Record droughts around the world are a “new normal”, warns the UN

Record droughts around the world are a “new normal”, warns the UN
Record droughts around the world are a “new normal”, warns the UN

Record droughts are becoming a “new normal” across the world, which requires leaders to “rethink radically” their management, alerts the UN on Monday, December 2, on the first day of the sixteenth COP on desertification, organized in Riyadh (Saudi Arabia).

The year 2024, which will likely be the hottest ever measured on Earth, was marked by several devastating droughts around the Mediterranean, in Ecuador, Brazil, Morocco, Namibia, Malawi… They caused fires , shortages of water and food.

Each year, droughts directly affect 55 million people and constitute “one of the costliest and deadliest risks globally”underlines the atlas published by the United Nations Convention to Combat Desertification (UNCCD), in partnership with the scientific research center of the European Commission (JRC).

The consequences of droughts are “less visible and attract less attention than sudden events like floods and earthquakes”but they should not be underestimated. By domino effect, droughts constitute a “systemic phenomenon” affecting multiple sectors, such as agriculture, energy supply, commerce and shipping, while threatening the health of ecosystems and people.

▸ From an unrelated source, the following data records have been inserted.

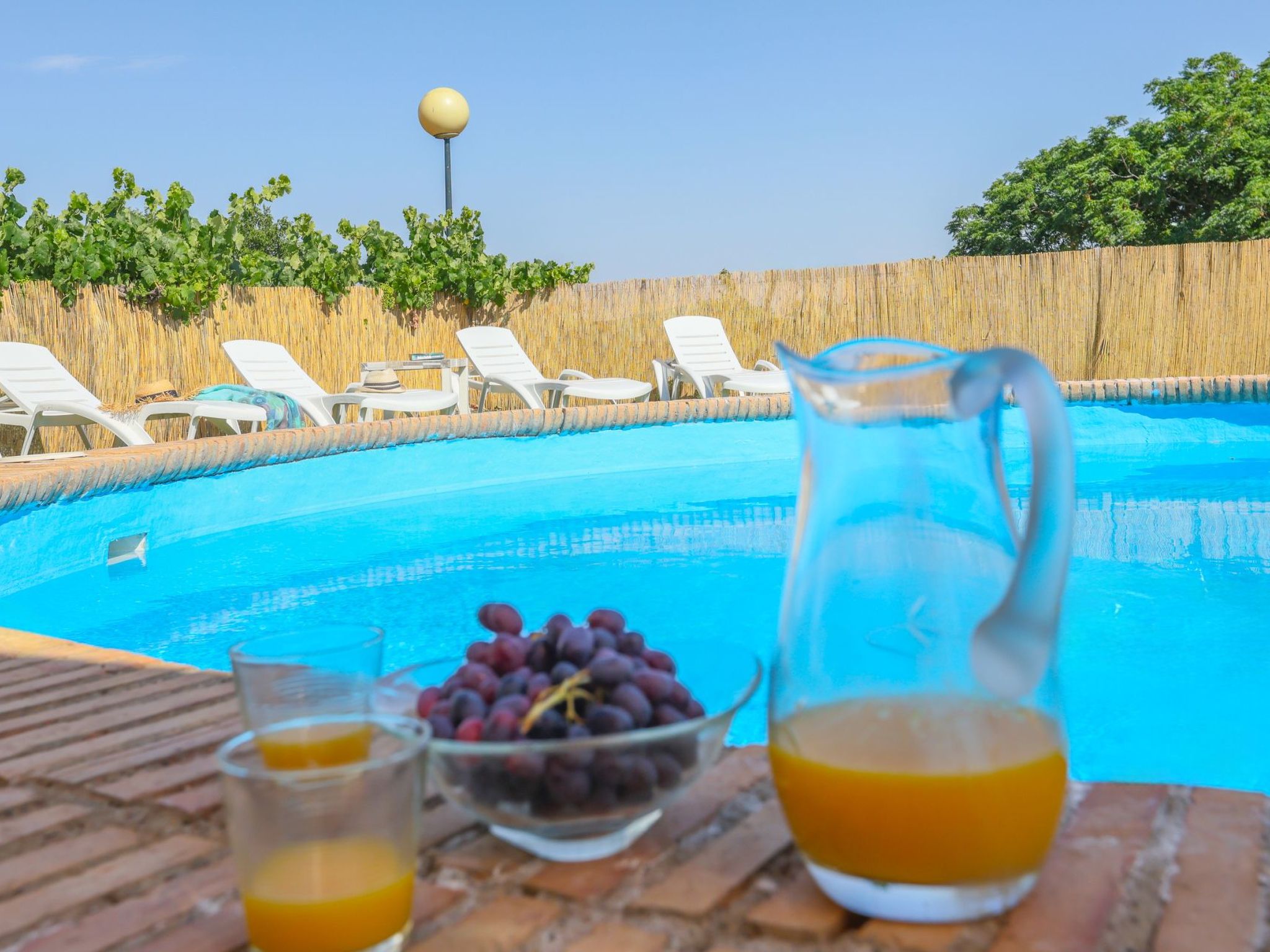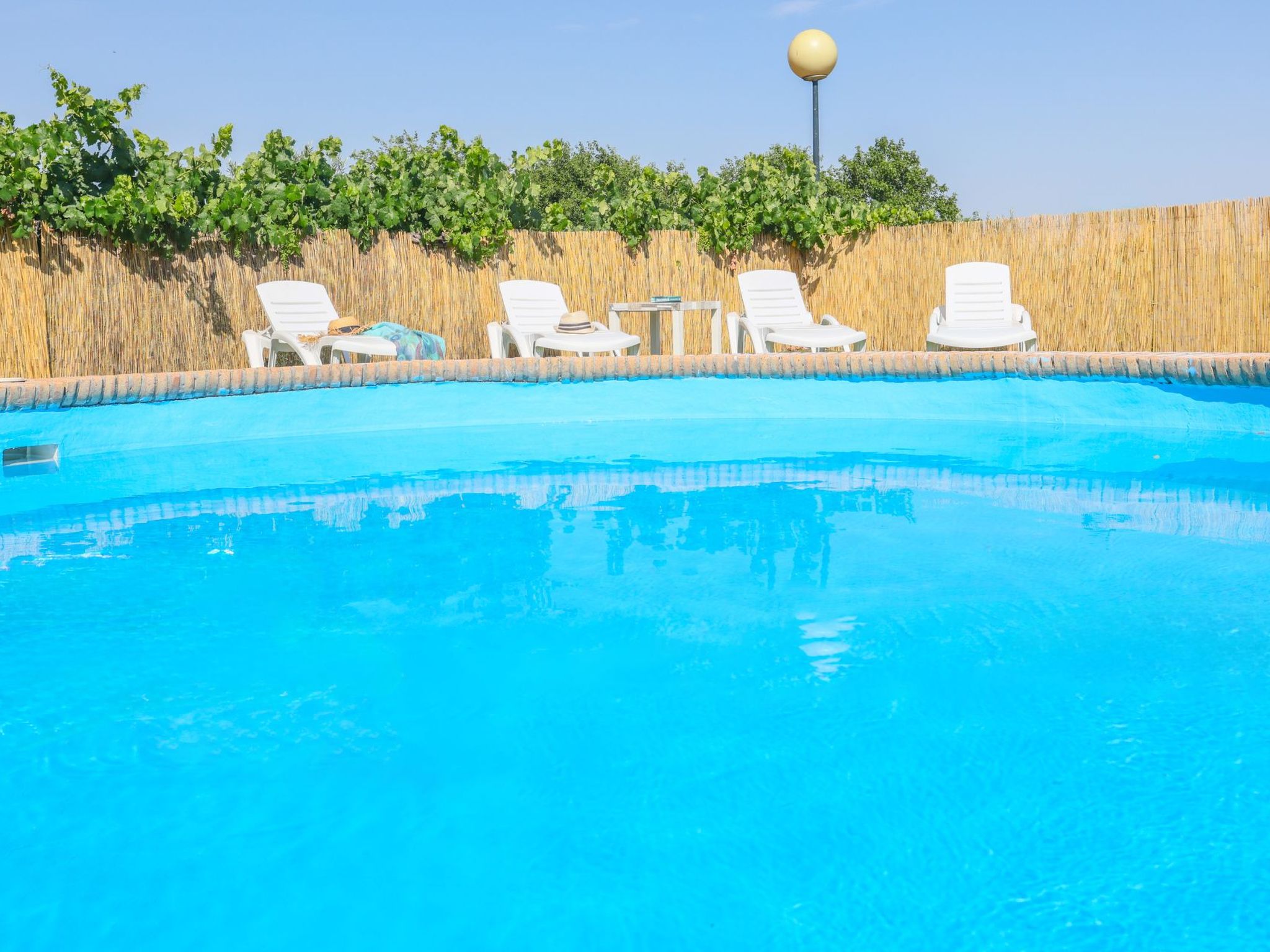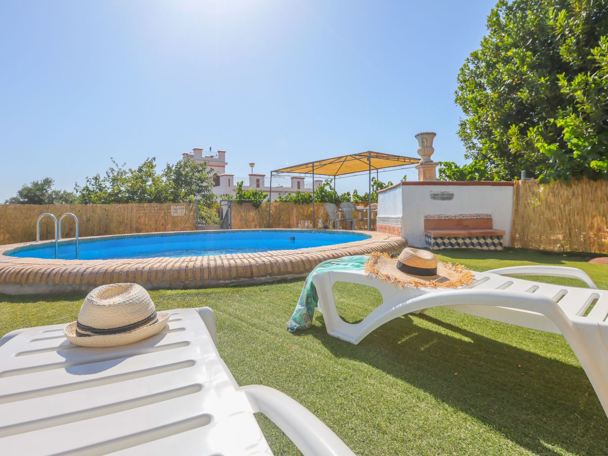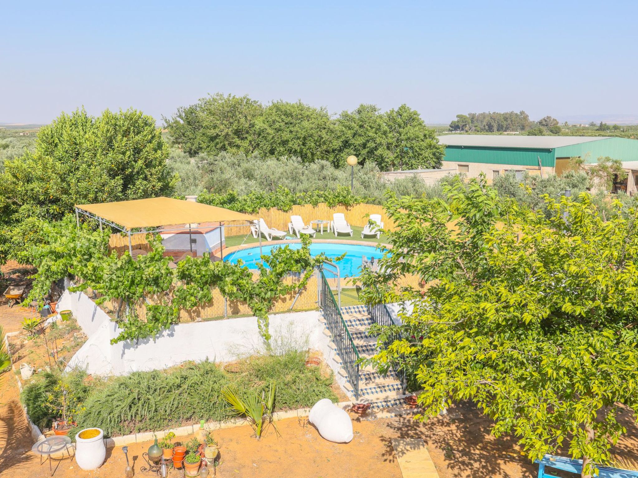 Swimming pool with a diameter of 3.5m and a depth of 1.5m in elevation. Stairs leading up to the pool. Table and sun loungers in the pool area.
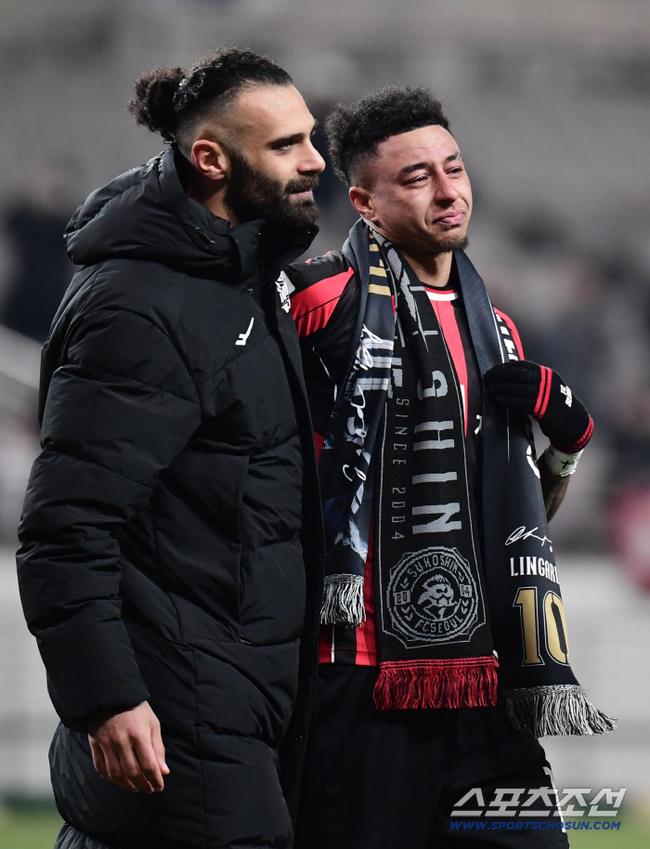 10일 오후 서울월드컵경기장에서 아시아챔피언스리그 엘리트(ACLE) 리그 6차전 FC서울과 멜버른시티FC의 경기가 열렸다. 경기 종료 후 FC서울 제시 린가드 환송행사가 열렸다. 팬들에게 인사 도중 아쉬움에 눈물 흘리는 린가드. 상암=송정헌 기자songs@sportschosun.com/2025.12.10/ 사진제공=FC서울 사진제공=FC서울 사진제공=FC서
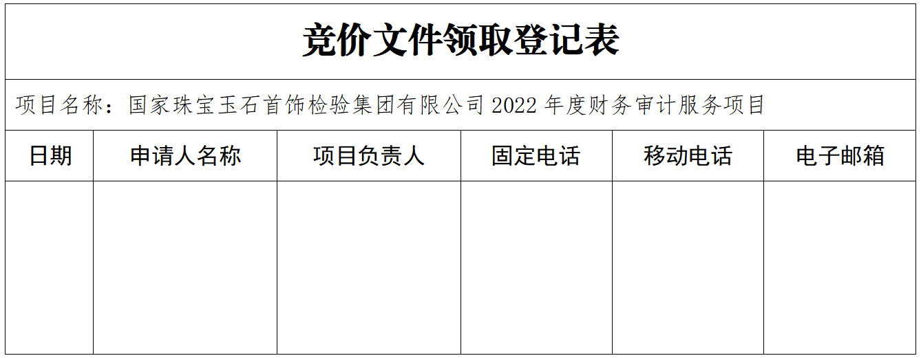 1.項(xiàng)目名稱:國家珠寶玉石首飾檢驗(yàn)集團(tuán)有限公司2022年度財(cái)務(wù)審計(jì)服務(wù)項(xiàng)目
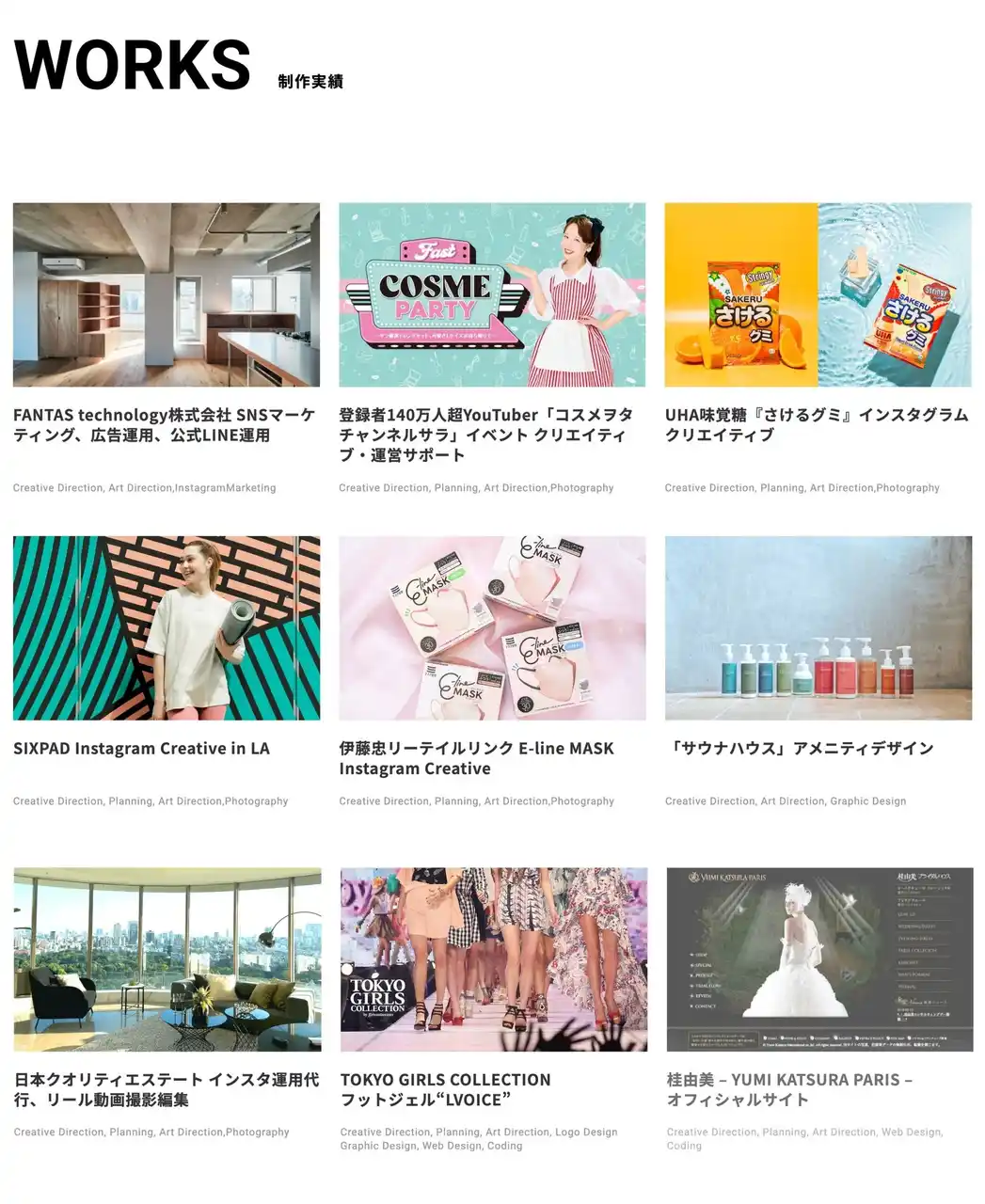 | 創業16年で、東証上場企業を含む約5000件以上を支援し、「SNS」「WEB」「広告」「デザイン」「動画」「インフルエンサー・モデルキャスティング」「イベント企画」などを通じて企業のブランド価値向上に貢献してきました。 | ||||||||||||
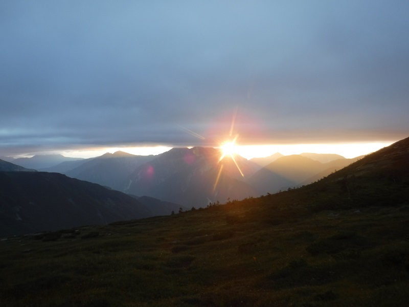 8 越中沢岳を前にご来光が

Counting their indirect effects, to the extent “sometimes difficult to estimate and predict”they affected 1.84 billion people in 2022 and 2023, around 85% of whom live in low- or middle-income countries, recalls the atlas, based on a UN report published at the end of 2023. D By 2050, three out of four people in the world will be affected, according to their projections, due to global warming caused mainly by the combustion of fossil fuels.


Since the 19th century, the Earth's average temperature has warmed by 1.1°C. Scientists have established with certainty that this increase is due to human activities, which consume fossil fuels (coal, oil and gas). This warmingunprecedented in its speed, threatens the future of our societies and biodiversity. But solutions – renewable energies, sobriety, reduced meat consumption – exist. Discover our answers to your questions about the climate crisis.